==== RECORDED INFORMATION

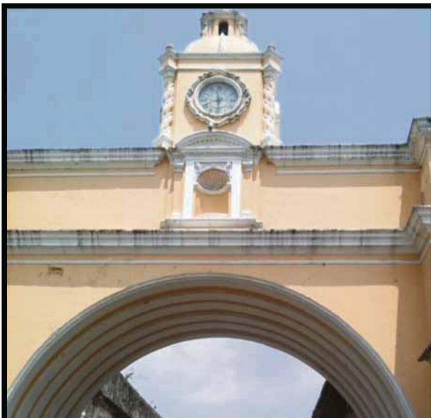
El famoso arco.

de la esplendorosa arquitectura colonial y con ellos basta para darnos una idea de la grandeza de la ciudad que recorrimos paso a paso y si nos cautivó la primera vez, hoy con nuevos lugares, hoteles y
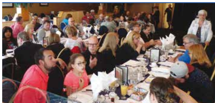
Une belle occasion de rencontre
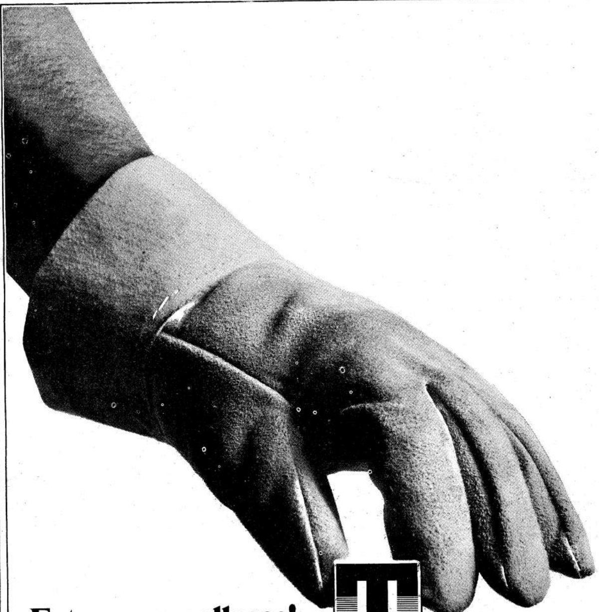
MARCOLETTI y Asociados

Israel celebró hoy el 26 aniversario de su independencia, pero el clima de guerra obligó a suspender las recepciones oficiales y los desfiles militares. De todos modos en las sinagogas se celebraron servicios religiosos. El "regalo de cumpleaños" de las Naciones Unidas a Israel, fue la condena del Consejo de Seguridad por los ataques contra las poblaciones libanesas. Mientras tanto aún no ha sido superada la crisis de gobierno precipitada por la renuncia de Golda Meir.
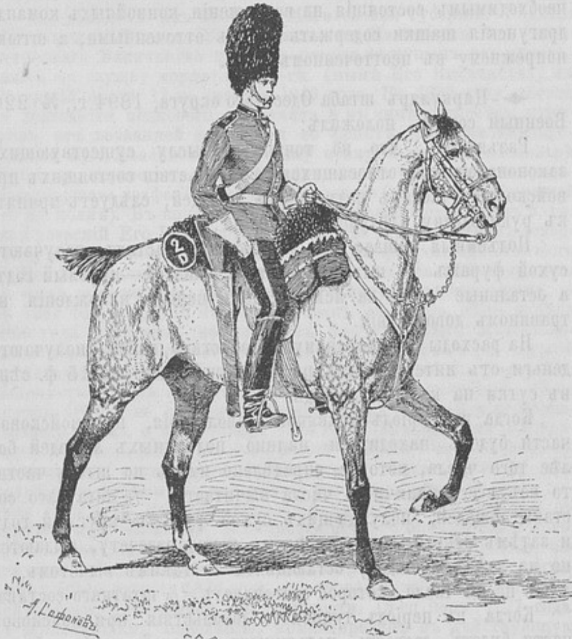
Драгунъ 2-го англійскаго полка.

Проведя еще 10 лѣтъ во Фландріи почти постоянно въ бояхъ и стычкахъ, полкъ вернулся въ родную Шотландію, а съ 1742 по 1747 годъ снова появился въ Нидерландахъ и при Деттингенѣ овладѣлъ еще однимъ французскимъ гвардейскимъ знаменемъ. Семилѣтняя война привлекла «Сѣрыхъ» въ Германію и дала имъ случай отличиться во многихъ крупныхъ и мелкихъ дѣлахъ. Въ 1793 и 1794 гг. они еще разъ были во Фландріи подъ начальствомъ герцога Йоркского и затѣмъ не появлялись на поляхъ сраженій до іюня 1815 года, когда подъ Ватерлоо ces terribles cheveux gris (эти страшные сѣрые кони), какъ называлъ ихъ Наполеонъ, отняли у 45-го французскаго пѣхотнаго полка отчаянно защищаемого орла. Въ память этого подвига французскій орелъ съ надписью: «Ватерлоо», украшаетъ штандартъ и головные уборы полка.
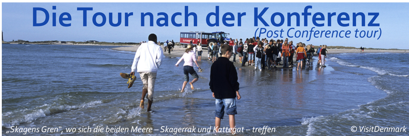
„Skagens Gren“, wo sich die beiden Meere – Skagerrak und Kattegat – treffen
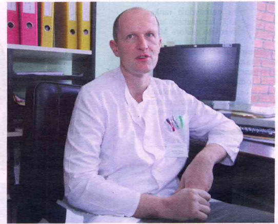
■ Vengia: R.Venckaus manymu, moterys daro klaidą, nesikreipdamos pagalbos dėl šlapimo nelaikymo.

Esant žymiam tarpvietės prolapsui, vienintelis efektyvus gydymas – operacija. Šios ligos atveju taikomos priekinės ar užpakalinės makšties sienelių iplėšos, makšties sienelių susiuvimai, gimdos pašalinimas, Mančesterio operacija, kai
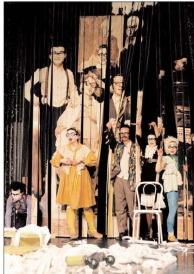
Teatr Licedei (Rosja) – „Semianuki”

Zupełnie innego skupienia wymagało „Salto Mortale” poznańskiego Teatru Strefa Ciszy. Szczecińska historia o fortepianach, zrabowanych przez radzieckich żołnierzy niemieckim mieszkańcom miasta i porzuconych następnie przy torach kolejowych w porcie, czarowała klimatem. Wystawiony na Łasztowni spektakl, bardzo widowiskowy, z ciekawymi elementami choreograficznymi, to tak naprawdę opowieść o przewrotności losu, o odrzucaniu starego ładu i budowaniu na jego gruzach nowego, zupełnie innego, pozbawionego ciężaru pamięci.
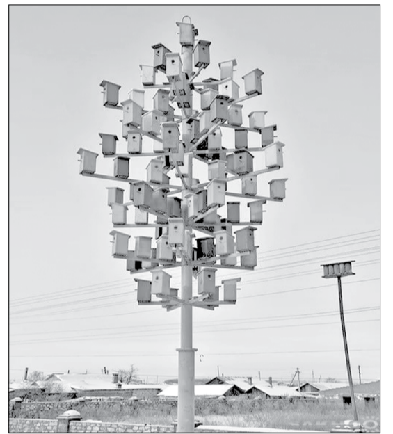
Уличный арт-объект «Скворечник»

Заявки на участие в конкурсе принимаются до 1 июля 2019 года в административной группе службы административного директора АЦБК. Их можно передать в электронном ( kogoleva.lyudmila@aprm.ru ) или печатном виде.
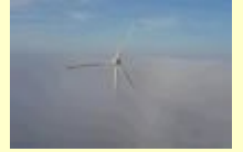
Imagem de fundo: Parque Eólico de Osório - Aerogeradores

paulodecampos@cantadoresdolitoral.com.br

========
==== RECORDED INFORMATION

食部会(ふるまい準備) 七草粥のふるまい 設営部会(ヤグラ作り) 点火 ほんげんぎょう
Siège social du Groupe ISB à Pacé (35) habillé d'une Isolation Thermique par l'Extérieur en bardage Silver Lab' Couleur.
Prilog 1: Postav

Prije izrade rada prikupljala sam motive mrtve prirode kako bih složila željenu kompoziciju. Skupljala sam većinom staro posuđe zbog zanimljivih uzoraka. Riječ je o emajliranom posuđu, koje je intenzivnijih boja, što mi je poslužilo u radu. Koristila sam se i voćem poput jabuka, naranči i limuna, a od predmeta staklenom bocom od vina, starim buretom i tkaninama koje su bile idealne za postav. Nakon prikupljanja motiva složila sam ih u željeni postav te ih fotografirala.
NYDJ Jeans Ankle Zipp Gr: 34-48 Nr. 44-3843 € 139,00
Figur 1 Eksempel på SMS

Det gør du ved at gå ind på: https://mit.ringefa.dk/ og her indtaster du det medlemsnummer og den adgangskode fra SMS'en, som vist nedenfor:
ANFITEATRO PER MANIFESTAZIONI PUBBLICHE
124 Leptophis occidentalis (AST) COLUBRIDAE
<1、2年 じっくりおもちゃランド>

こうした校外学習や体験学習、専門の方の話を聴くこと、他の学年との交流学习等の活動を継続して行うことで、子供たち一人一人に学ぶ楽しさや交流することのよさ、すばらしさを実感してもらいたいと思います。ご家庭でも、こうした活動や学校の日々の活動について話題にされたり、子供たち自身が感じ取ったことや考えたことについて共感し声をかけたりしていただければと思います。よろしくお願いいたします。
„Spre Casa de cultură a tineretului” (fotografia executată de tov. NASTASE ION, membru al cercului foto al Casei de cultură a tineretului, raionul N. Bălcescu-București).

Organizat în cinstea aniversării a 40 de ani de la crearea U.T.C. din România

========
==== RECORDED INFORMATION

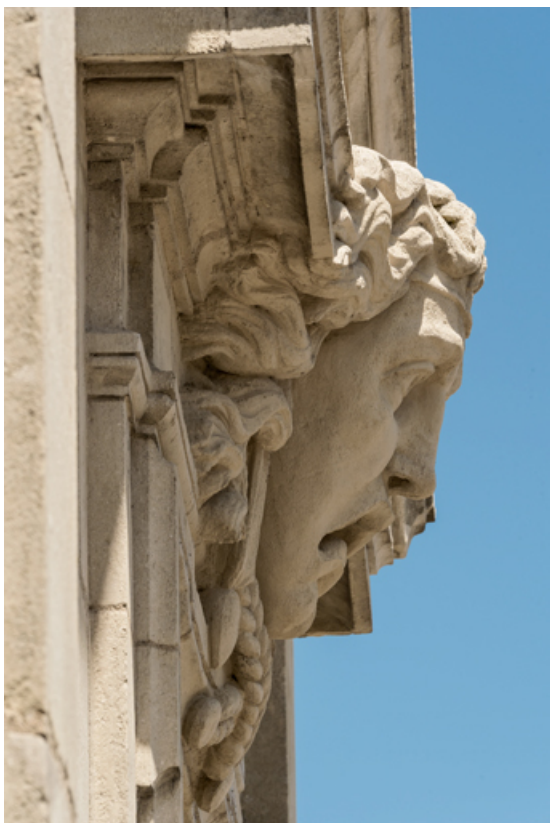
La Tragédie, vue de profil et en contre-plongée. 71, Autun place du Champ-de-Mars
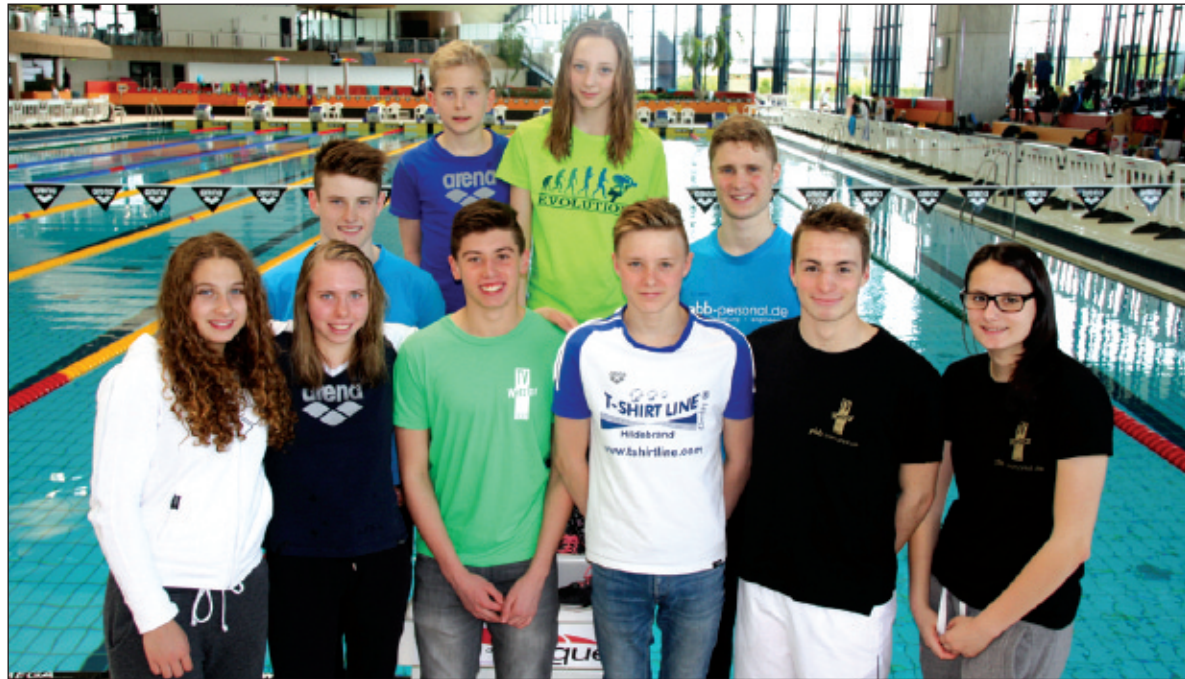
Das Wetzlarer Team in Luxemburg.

========

» PROBLEM DESCRIPTION
Transcribe each line of the data above, unaltered, from the one where "NYDJ Jeans Ankle" appears to the one where "Organizat în cinstea" appears, inclusive of both.

» RESULT OF THE EXERCISE
NYDJ Jeans Ankle Zipp Gr: 34-48 Nr. 44-3843 € 139,00
Figur 1 Eksempel på SMS

Det gør du ved at gå ind på: https://mit.ringefa.dk/ og her indtaster du det medlemsnummer og den adgangskode fra SMS'en, som vist nedenfor:
ANFITEATRO PER MANIFESTAZIONI PUBBLICHE
124 Leptophis occidentalis (AST) COLUBRIDAE
<1、2年 じっくりおもちゃランド>

こうした校外学習や体験学習、専門の方の話を聴くこと、他の学年との交流学习等の活動を継続して行うことで、子供たち一人一人に学ぶ楽しさや交流することのよさ、すばらしさを実感してもらいたいと思います。ご家庭でも、こうした活動や学校の日々の活動について話題にされたり、子供たち自身が感じ取ったことや考えたことについて共感し声をかけたりしていただければと思います。よろしくお願いいたします。
„Spre Casa de cultură a tineretului” (fotografia executată de tov. NASTASE ION, membru al cercului foto al Casei de cultură a tineretului, raionul N. Bălcescu-București).

Organizat în cinstea aniversării a 40 de ani de la crearea U.T.C. din România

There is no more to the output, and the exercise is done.